§ Record excerpts:
/---

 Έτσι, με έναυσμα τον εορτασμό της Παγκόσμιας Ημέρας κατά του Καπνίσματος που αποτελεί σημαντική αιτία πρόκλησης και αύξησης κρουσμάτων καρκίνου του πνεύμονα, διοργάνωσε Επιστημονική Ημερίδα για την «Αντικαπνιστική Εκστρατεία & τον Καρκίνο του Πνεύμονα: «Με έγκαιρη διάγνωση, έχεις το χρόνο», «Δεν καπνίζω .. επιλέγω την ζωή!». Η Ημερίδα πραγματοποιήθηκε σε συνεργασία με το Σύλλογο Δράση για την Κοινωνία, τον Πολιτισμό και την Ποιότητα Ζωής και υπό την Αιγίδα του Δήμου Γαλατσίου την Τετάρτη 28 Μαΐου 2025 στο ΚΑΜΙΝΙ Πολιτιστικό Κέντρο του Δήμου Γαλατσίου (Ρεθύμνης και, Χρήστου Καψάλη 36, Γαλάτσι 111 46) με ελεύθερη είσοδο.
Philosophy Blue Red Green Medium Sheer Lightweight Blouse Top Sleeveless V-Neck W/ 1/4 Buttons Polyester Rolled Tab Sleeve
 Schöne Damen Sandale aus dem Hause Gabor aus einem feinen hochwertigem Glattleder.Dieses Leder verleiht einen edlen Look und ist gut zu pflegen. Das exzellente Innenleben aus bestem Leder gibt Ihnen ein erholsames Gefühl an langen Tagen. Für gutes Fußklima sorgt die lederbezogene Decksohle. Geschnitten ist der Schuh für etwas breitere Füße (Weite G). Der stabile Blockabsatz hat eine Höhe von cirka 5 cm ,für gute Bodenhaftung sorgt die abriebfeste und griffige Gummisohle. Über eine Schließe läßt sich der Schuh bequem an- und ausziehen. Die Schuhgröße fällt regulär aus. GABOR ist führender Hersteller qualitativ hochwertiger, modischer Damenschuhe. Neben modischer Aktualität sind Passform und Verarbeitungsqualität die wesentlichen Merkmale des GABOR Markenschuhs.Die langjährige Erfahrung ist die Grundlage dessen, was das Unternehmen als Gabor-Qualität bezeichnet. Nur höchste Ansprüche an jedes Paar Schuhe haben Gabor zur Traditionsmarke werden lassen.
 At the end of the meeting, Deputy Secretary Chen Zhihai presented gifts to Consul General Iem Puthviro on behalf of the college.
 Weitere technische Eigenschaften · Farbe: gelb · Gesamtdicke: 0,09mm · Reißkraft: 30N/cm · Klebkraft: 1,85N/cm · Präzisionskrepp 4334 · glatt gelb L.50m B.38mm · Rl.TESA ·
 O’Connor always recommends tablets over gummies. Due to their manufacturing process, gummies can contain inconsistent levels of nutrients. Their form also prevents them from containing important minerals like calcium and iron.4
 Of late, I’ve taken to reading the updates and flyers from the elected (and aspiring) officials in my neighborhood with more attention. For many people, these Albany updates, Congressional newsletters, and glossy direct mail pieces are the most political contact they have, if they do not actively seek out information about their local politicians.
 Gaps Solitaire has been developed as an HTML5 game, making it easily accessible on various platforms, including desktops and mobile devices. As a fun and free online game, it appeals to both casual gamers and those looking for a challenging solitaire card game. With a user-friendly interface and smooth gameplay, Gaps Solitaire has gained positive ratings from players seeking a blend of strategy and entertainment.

\---
/---

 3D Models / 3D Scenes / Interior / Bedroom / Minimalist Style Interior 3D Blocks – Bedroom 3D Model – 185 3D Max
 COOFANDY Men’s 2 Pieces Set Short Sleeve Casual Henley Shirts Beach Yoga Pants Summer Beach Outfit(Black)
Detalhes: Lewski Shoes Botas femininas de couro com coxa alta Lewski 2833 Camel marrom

\---

§ Task to complete: Print, from the entries above, the line with "Έτσι, με έναυσμα", the line with "Schöne Damen Sandale" and all lines between them, exactly and with nothing else.

§ Your response:
 Έτσι, με έναυσμα τον εορτασμό της Παγκόσμιας Ημέρας κατά του Καπνίσματος που αποτελεί σημαντική αιτία πρόκλησης και αύξησης κρουσμάτων καρκίνου του πνεύμονα, διοργάνωσε Επιστημονική Ημερίδα για την «Αντικαπνιστική Εκστρατεία & τον Καρκίνο του Πνεύμονα: «Με έγκαιρη διάγνωση, έχεις το χρόνο», «Δεν καπνίζω .. επιλέγω την ζωή!». Η Ημερίδα πραγματοποιήθηκε σε συνεργασία με το Σύλλογο Δράση για την Κοινωνία, τον Πολιτισμό και την Ποιότητα Ζωής και υπό την Αιγίδα του Δήμου Γαλατσίου την Τετάρτη 28 Μαΐου 2025 στο ΚΑΜΙΝΙ Πολιτιστικό Κέντρο του Δήμου Γαλατσίου (Ρεθύμνης και, Χρήστου Καψάλη 36, Γαλάτσι 111 46) με ελεύθερη είσοδο.
Philosophy Blue Red Green Medium Sheer Lightweight Blouse Top Sleeveless V-Neck W/ 1/4 Buttons Polyester Rolled Tab Sleeve
 Schöne Damen Sandale aus dem Hause Gabor aus einem feinen hochwertigem Glattleder.Dieses Leder verleiht einen edlen Look und ist gut zu pflegen. Das exzellente Innenleben aus bestem Leder gibt Ihnen ein erholsames Gefühl an langen Tagen. Für gutes Fußklima sorgt die lederbezogene Decksohle. Geschnitten ist der Schuh für etwas breitere Füße (Weite G). Der stabile Blockabsatz hat eine Höhe von cirka 5 cm ,für gute Bodenhaftung sorgt die abriebfeste und griffige Gummisohle. Über eine Schließe läßt sich der Schuh bequem an- und ausziehen. Die Schuhgröße fällt regulär aus. GABOR ist führender Hersteller qualitativ hochwertiger, modischer Damenschuhe. Neben modischer Aktualität sind Passform und Verarbeitungsqualität die wesentlichen Merkmale des GABOR Markenschuhs.Die langjährige Erfahrung ist die Grundlage dessen, was das Unternehmen als Gabor-Qualität bezeichnet. Nur höchste Ansprüche an jedes Paar Schuhe haben Gabor zur Traditionsmarke werden lassen.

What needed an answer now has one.